El hecho de que los sistemas solares contengan telurio y cadmio,  o que las bombillas de bajo consumo lleven mercurio, sustancias todas ellas altamente tóxicas,  es irrelevante porque se usan para  “proteger el medio ambiente”. ¡A quién le importa cómo terminarán, en qué basurero esas sustancias!, ¡a nadie le preocupa como se obtienen! Mientras que los monocultivos amenazan la “biodiversidad”, regiones enteras se siembran con maíz o soja del que  se obtienen los ecológicos y clima neutrales “biocombustibles”. Los “ambientalistas” callan. Particularmente perverso es el caso del CO2, llamado “gas de efecto invernadero No. 1″, que suena a “enemigo público No. 1”. El alimento de nuestras plantas se convierte en veneno medioambiental por obra y gracia de la propaganda ecofascista. Si fuese creyente iría a la Iglesia con un solo ruego: Dios mío, ¡haz que lluevan neuronas!

Bajo el término “sostenibilidad“, entendemos que podemos preservar la base vital para las generaciones futuras.

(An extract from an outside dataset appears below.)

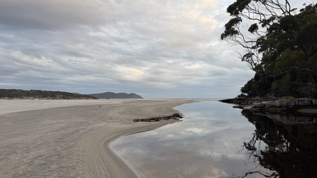 I walk out to where South Cape Rivulet meets the ocean and cross without taking my boots off. It’s taken me about four hours from Granite Beach. Not bad! Guess those trail legs are working pretty good.

Pero, ¿qué significa esto realmente? El término “sostenibilidad” es, de hecho, un cliché del mismo calibre que “medio ambiente”. La palabra ha ido ganando significado positivo (es “bueno”) gracias a años de publicidad y la propaganda favorables, trasladadas por los medios de comunicación sin filtro alguno. En una discusión política, el orador puede ahora proponer cualquier absurdidad siempre y cuando utilice correctamente las palabras “sostenible” o “no sostenible”. Antes se utilizaban otros conceptos, como “agradable a Dios”. “Sostenibilidad” tiene para la ideología verde de hoy exactamente  el mismo significado que el “agradable a Dios” de la el entonces todopoderosa Iglesia. Es un arma magnífica para sacar a los creyentes dinero de sus bolsillos.

El término “energía renovable” es, simplemente, una tontería. La energía ni se renueva ni se crea. Esto es simple física. Solo podemos transformar la energía. La llamada energía verde o renovable se limita a transformar la energía del viento o la energía solar en electricidad. Si usted quiere encontrar un término genérico realista para estas instalaciones, primero debe determinar las características objetivas comunes. Útil en una evaluación de ese tipo son la magnitud de potencia o el suministro de las plantas. Dado que tanto los sistemas de energía eólica como los de energía solar basan su suministro en el azar de la situación meteorológica del momento, no proporcionan un flujo de electricidad predecible. Su denominación más correcta, por lo tanto, sería la de “sistemas de pequeña escala de potencia aleatoria”.

Todas estas palabras huecas y vacías funcionan y funcionarán mientras los ideólogos verdes mantengan la autoridad para interpretar estos términos. Se abre la lucha por la soberanía de interpretación de las palabras, que determinará en última instancia el destino de nuestra sociedad. La prosperidad futura depende de que no nos dejemos manipular con las letanías.